I just can’t stop reading newspapers’ headlines recently. I have read spellbinding stories whose storylines contain one of the most complicated conspiracies in the world’s history such as Richard Nixon’s Watergate scandal, Adolf Hitler’s operation Valkryie, or Bernie Madoff’s Ponzi Scheme, but watching television and reading newspaper these weeks makes me wonder about changing my notion of considering those stories as mind-gripping.

In other words, for me those storylines are nothing but boring compared to the high-tense thriller that I am following right now.

If you are reading this at the moment and actually you don’t really understand what is going on in this fierce slugfest between Corruption Eradication Commission (KPK) and the Indonesian Police, I highly suggest you to read yesterday’s newspaper archives or watch television more frequently to comprehend the chronicle.

In fact, this saga is very interesting –so interesting that I think someone should write book or make movie about this whole thing. As the story grows more and more astonishing each day, this may be the world’s most enthralling drama in decades and therefore it should not be missed.

Like Hollywood movies, the rift between the police and KPK put its spectators on the edge of their seats as the saga goes beyond its initial means. New characters whose role was proved to be significant on the story’s plot are introduced every week. Initially the battle only involved high-rank police officers against their enemies, the anti-graft commission deputies, but as now the case has broadened it unexpectedly drags many popular names like Adnan Buyung Nasution, Abdul Hakim Ritonga and M.S Kaban into the fuss –even our president Susilo Bambang Yudhoyono was said to have his hands involved in this highly controversial case.

But you don’t have to be a smart person to realize that there’s definitely something wrong with this case –even an undergraduate student like me can comprehend the reason why huge public resentment towards the Police and the government exists at the moment.

We saw on the live television broadcast already how National Police chief Bambang Hendarso Danuri and National Police chief of detectives Susno Duadji performed during the hearing in front of the House of Representatives. Those bandits seem to cover themselves with the hero mask: the way they convincingly persuaded the House of Representatives and tried to regain the trust of million Indonesians who watched their live performance, the way they played the role as if they were on the same side as the KPK’s in enforcing the law and corruption eradication in Indonesia –it was simply a sort of performance you would expect from Oscar-winning actors.

Thanks for all the seemingly perfect acting dear police officers, but only donkey falls to the same hole two times. Indonesian people are no donkeys; now with Ari Muladi and Williardi Wizard have unfolded your evil thoughts to frame the KPK leaders and shown to us how dilapidated your organization actually is, we just cannot have faith in you anymore.

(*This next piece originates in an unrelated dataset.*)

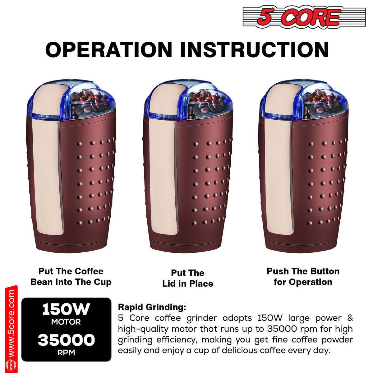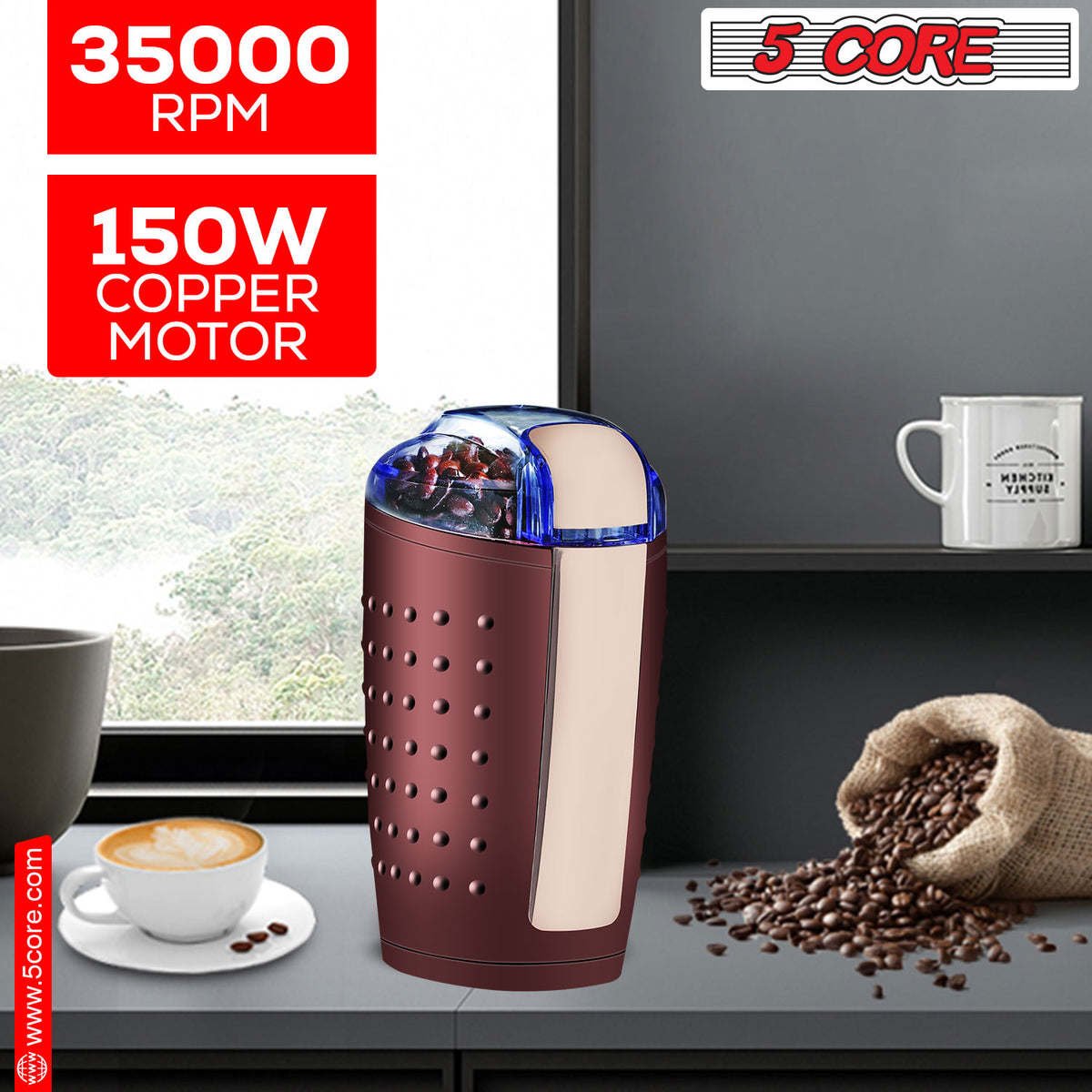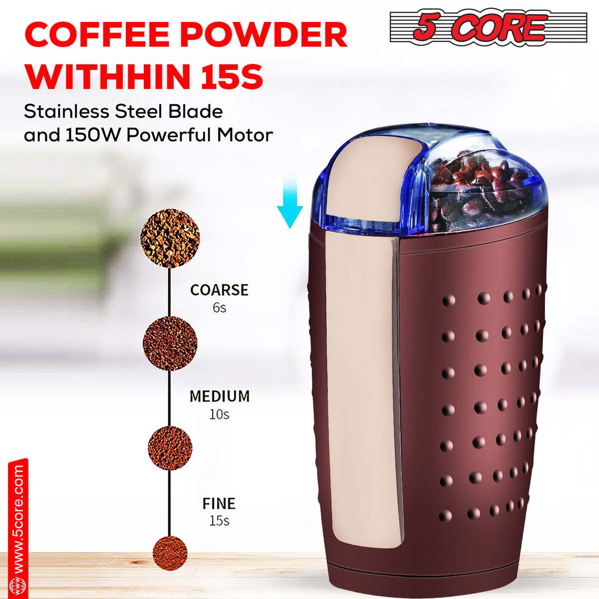 Home > 5 Core Coffee Grinder • 85 Gram Or 3 Ounces / 12 Cup Capacity • One-Touch Automatic Electric Bean Spice Grinding Machine • 150W Copper Motor •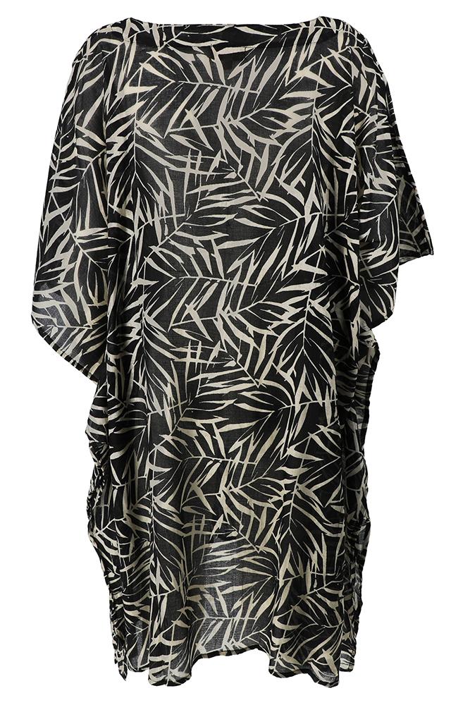 Poncho in cotone stampato con scollo a V decorato con perline e maniche a pipistrello.

We can also recall that the KPK tape have clearly unfurled Anggodo’s crucial role on the plot to undermine the once larger-than-life commission. Surprisingly, at the moment he still wanders freely as he was released by the police with their vague argument of ‘not sufficient evidence’.

The villain is well ahead of the good guy by now since the justice is only yet to be erected –and the villain will still be in this vantage point if culprits like Anggodo, Susno Duadji, and Bambang Hendarso Danuri are still free out there and far from being locked-up in the place where they truly deserve to be in.

Indonesians were presented with numerous shrewd trickeries already in this saga. But the story is far from over as many vital characters like Yulianto and Yuliana Oeng are still hiding behind the curtain and waiting to be introduced to the stage. At some point, the show will be crammed with its entire performers and the storyline becomes more puzzling than ever. Just then it will be very interesting while we can only wonder what kind of ending this story will offer.

Who will win? Beware crocodiles; you are not playing the good guy role here. And storylines in Hollywood movies are famous for the concept of: at the end of the story, it’s the good guy who always prevails.